SDK & CLI#

Tip

Our Python SDK is open source! Check out github.com/roboto-ai/roboto-python-sdk.

Overview#

The Python SDK and CLI can both be used to programmatically interact with Roboto.

The CLI is convenient for quickly creating new datasets, uploading or downloading files, and running actions. The Python SDK has comprehensive support for all Roboto platform features and is especially useful for data analysis and integration with your other tools.

See reference documentation for the Python SDK and the CLI.

Install#

Refer to the latest installation instructions available on GitHub.

CLI#

With the Python SDK, or standalone CLI installed, you can use roboto on the command line.

The example below shows how to create a new dataset and upload a file to it.

$ roboto datasets create --tag boston
{
  "administrator": "Roboto",
  "created": "2024-09-25T22:22:48.271387Z",
  "created_by": "benji@roboto.ai",
  "dataset_id": "ds_9ggdi910gntp",
  ...
  "tags": [
    "boston",
  ]
}

$ roboto datasets upload-files -d ds_9ggdi910gntp -p scene57.bag
100.0%|█████████████████████████ | 58.9M/58.9M | 2.62MB/s | 00:23 | Src: 1 file

Python SDK#

With the Python SDK installed, you can import roboto into your Python runtime.

The example below shows how to access topic data for an ingested ROS bag file:

from roboto import Dataset

ds = Dataset.from_id("ds_9ggdi910gntp")
bag = ds.get_file_by_path("scene57.bag")
steering_topic = bag.get_topic("/vehicle_monitor/steering")

steering_data = steering_topic.get_data(
    start_time="1714513576", # "<sec>.<nsec>" since epoch
    end_time="1714513590",
)

You can also create events:

from roboto import Event

Event.create(
  start_time="1714513580", # "<sec>.<nsec>" since epoch
  end_time="1714513590",
  name="Fast Turn",
  topic_ids=[steering_topic.topic_id]
)

Or even search for logs matching metadata and/or statistics with RoboQL:

from roboto import query, RobotoSearch
roboto_search = RobotoSearch(query.client.QueryClient())

query = '''
dataset.tags CONTAINS 'boston' AND
topics[0].msgpaths[/vehicle_monitor/vehicle_speed.data].max > 20
'''

results = roboto_search.find_files(query)

Refer to our collection of notebooks for complete examples, and the SDK reference.

Handling Eventual Consistency#

Some Roboto API operations use eventually consistent reads for improved performance and scalability.
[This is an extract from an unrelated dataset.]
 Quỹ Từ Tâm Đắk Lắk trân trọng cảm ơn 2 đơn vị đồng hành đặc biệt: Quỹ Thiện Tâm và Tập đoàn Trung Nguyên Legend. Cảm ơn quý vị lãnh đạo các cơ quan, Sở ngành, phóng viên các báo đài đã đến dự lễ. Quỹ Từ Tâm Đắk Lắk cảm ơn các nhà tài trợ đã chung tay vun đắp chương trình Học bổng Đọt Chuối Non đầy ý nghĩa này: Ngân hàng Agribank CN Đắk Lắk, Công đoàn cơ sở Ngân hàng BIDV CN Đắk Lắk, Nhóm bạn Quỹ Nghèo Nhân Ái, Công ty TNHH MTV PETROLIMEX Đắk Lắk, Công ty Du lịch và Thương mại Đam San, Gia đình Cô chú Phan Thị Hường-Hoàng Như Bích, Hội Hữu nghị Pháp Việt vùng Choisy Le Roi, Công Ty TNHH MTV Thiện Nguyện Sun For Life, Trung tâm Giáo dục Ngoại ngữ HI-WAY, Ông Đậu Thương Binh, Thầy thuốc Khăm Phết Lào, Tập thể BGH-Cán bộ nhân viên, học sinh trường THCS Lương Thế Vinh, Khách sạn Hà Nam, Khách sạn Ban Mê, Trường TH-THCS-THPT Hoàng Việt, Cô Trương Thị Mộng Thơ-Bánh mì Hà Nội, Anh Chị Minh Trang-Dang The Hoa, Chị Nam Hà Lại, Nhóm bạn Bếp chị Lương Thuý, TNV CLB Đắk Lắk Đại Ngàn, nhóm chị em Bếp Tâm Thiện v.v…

This means that query results may not immediately reflect very recent writes (typically within 1 second).

Affected Operations#

The following SDK operations may exhibit eventual consistency:

  • Query operations: RobotoSearch.find_files(), RobotoSearch.find_datasets(), and other search methods

  • Query result fetching: Getting results or counts from submitted queries

You may encounter eventual consistency when:#

  • You create or update data and immediately query for it

  • You’re running automated tests that create data and then search for it

  • You’re building workflows that depend on reading data immediately after writing it

Retry Pattern#

If you need to ensure recently written data appears in query results, use a retry with a brief delay:

import time
from roboto import Dataset, RobotoSearch, query

# Create a dataset
ds = Dataset.create(tags=["my-new-tag"])

# Search for it with retry logic
roboto_search = RobotoSearch(query.client.QueryClient())
max_attempts = 5
delay_seconds = 1

for attempt in range(max_attempts):
    results = roboto_search.find_datasets('tags CONTAINS "my-new-tag"')
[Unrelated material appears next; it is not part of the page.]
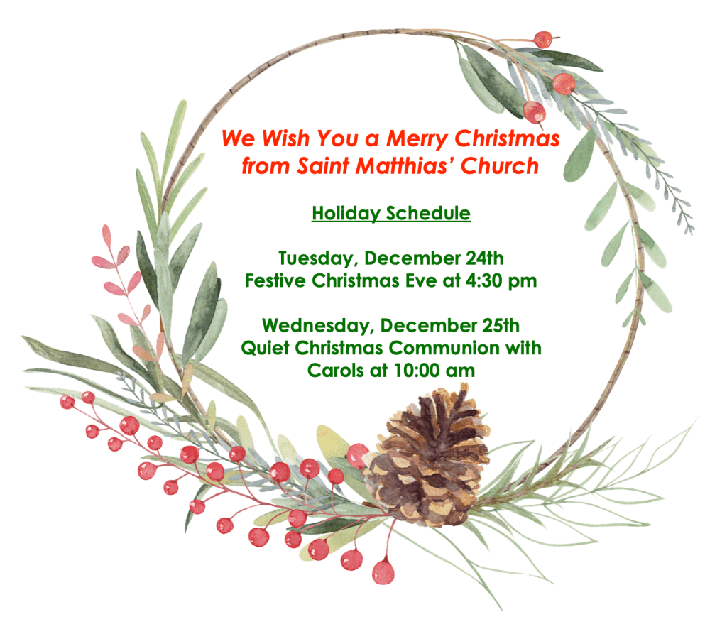 Holiday Schedule Posted on December 4, 2024 by Saint Matthias' Church Share this: Click to share on X (Opens in new window) X Click to share on Facebook (Opens in new window) Facebook Like Loading...

    if any(r.dataset_id == ds.dataset_id for r in results):
        print(f"Found dataset after {attempt + 1} attempt(s)")
        break

    if attempt < max_attempts - 1:
        time.sleep(delay_seconds)
else:
    print("Dataset not found after retries")

For most use cases, a single retry after 1 second is sufficient, as replication lag is typically sub-second.

Best Practices#

  • Avoid tight loops: Don’t poll continuously without delays

  • Use reasonable timeouts: Most data replicates within 1-2 seconds

  • Design for eventual consistency: When possible, structure workflows to avoid immediate read-after-write dependencies

  • Strongly consistent alternatives: If you need guaranteed immediate consistency, use direct record lookups (e.g., Dataset.from_id()) instead of queries

For more details on which specific API endpoints use eventual consistency, see the REST API documentation.